On your local machine:

Bash
pip install idmtools[slurm]

On the cluster (if needed):

Bash
# Load Python module (cluster-dependent)
module load python/3.11

# Install idmtools
pip install --user idmtools[slurm]

3. SSH Configuration

Setup passwordless SSH (recommended):

Bash
# Generate SSH key
ssh-keygen -t rsa -b 4096

# Copy to cluster
ssh-copy-id [email protected]

# Test connection
ssh [email protected] "hostname"

Verify Slurm is Running

Before submitting jobs, verify your Slurm cluster is available:

Bash
sinfo -a

Expected output:

Text Only
PARTITION AVAIL  TIMELIMIT  NODES  STATE NODELIST
LocalQ*      up   infinite      1   idle localhost

Basic Configuration

Minimum Configuration

Minimum required in idmtools.ini:

INI
[MY_SLURM]
type = SLURM
job_directory = /home/userxyz/my_outputs
Python
# call with ini file
Platform('MY_SLURM')

Or directly from code:

Python
Platform('SLURM_LOCAL', job_directory='/home/userxyz/my_outputs')

Full Configuration File

Create ~/.idmtools/idmtools.ini:

INI
[my_Slurm]
type = Slurm
job_directory = /home/myusername/idmtools_jobs
partition = general
account = myproject
time_limit = 01:00:00
cpus_per_task = 1
mem_per_cpu = 4G

Load configuration:

Python
platform = Platform("my_Slurm")

SlurmPlatform Attributes

All attributes from SlurmPlatform in slurm_platform.py:

Attribute Description
mail_type Email notification type (e.g. BEGIN, END, FAIL)
mail_user Email address for job notifications
nodes Number of nodes to request
ntasks Number of tasks
cpus_per_task Number of CPUs per task
ntasks_per_core Number of tasks per core
max_running_jobs Maximum running jobs per experiment
mem Memory per node in MB
mem_per_cpu Memory per CPU in MB
partition Slurm partition/queue to submit to
constraint Compute node constraint
time Job time limit (e.g. 01:00:00)
account Account to charge for the job
exclusive Nodes cannot be shared with other jobs/users
requeue Allow job to be requeued if a node fails
retries Default number of retries for failed jobs
sbatch_custom Custom commands to append to the sbatch script
modules Environment modules to load before execution
dir_exist_ok Allow job directories to already exist
array_batch_size Maximum Slurm job array size
propogate_slurm_env_var Propagate inherited SLURM env vars into generated scripts
run_on_slurm Submit the current script itself as a Slurm job
mpi_type MPI type: pmi2, pmix (Slurm MPI), or mpirun (independent MPI)
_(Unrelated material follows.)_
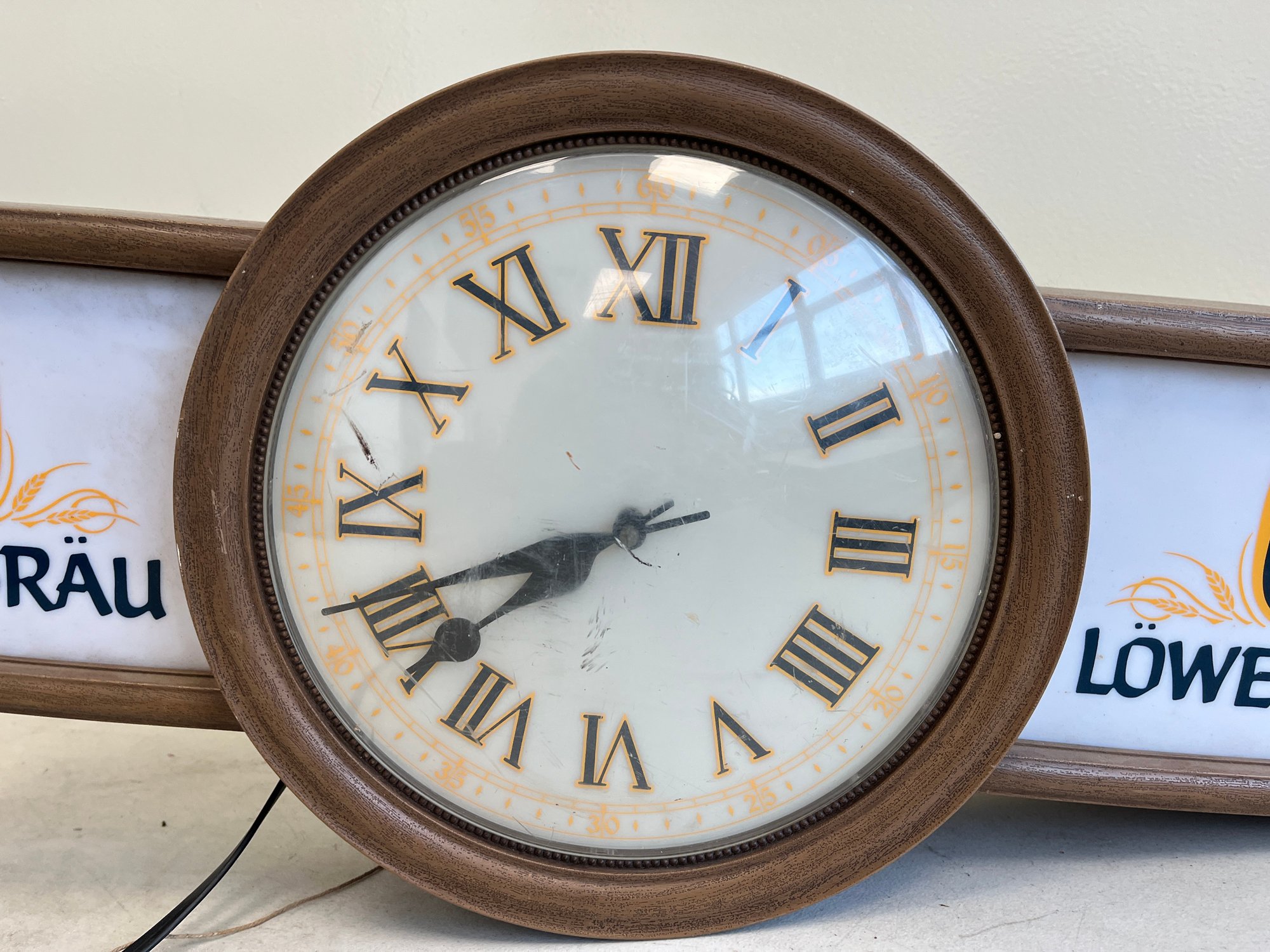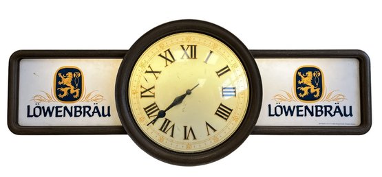 Bring the classic ambiance of a traditional German tavern to your space with this vintage Löwenbräu illuminated bar clock. A perfect centerpiece for any home bar or collection of breweriana, this vintage piece combines functional timekeeping with iconic branding.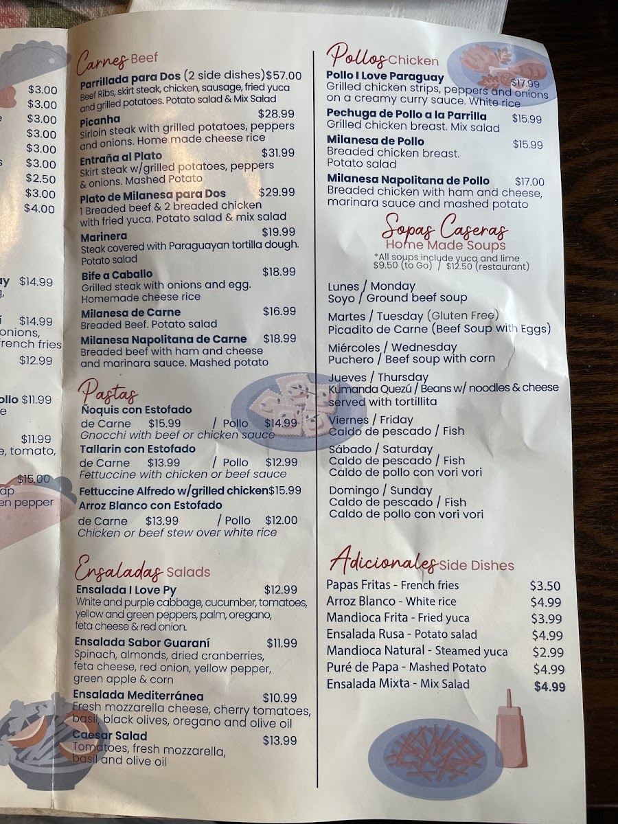 The menu at I Love Paraguay Restaurant showcases a vibrant selection of traditional Paraguayan dishes, prepared with skill and an emphasis on fresh, high-quality ingredients. Highlights include the Chipa Guazu, a creamy corn soufflé that has garnered rave reviews and is often described as a must-try. The restaurant also serves a delectable array of empanadas, offering a delightful mix of flavors that reflect the rich culinary heritage of Paraguay.

See the sbatch documentation for full details.

Running Simulations

Basic Example

Python
from idmtools.core.platform_factory import Platform
from idmtools.entities.experiment import Experiment
from idmtools_models.python.python_task import PythonTask

# Create platform
platform = Platform(
    "Slurm_Local",
    job_directory="/scratch/myusername/jobs"
)

# Create task
task = PythonTask(
    script_path="model.py",
    python_path="python3"
)

# Set parameters
task.parameters = {
    "population": 10000,
    "beta": 0.5,
    "gamma": 0.1
}

# Create experiment
experiment = Experiment.from_task(
    task,
    name="Slurm Experiment"
)

# Run on Slurm
experiment.run(
    platform=platform,
    wait_until_done=True
)

print(f"Experiment ID: {experiment.uid}")

Job Arrays

idmtools automatically uses Slurm job arrays for efficiency:

Python
from idmtools.builders import SimulationBuilder

# Create parameter sweep
builder = SimulationBuilder()
builder.add_sweep_definition(
    lambda sim, beta: sim.task.set_parameter("beta", beta),
    [0.1, 0.2, 0.3, 0.4, 0.5, 0.6, 0.7, 0.8, 0.9]
)

experiment = Experiment.from_builder(
    builder,
    task,
    name="Slurm Array Job"
)

# Submits as single job array (9 tasks)
experiment.run(platform=platform, wait_until_done=True)

# Check job status
# $ squeue -u myusername
# JOBID   USER    PARTITION  NAME        ST  TIME
# 12345_[1-9]  myuser  compute   Slurm_Array  PD  0:00

Environment Configuration

Module Loading

Python
# Load required modules
platform.modules = ["python/3.11", "gcc/11.2", "openmpi/4.1"]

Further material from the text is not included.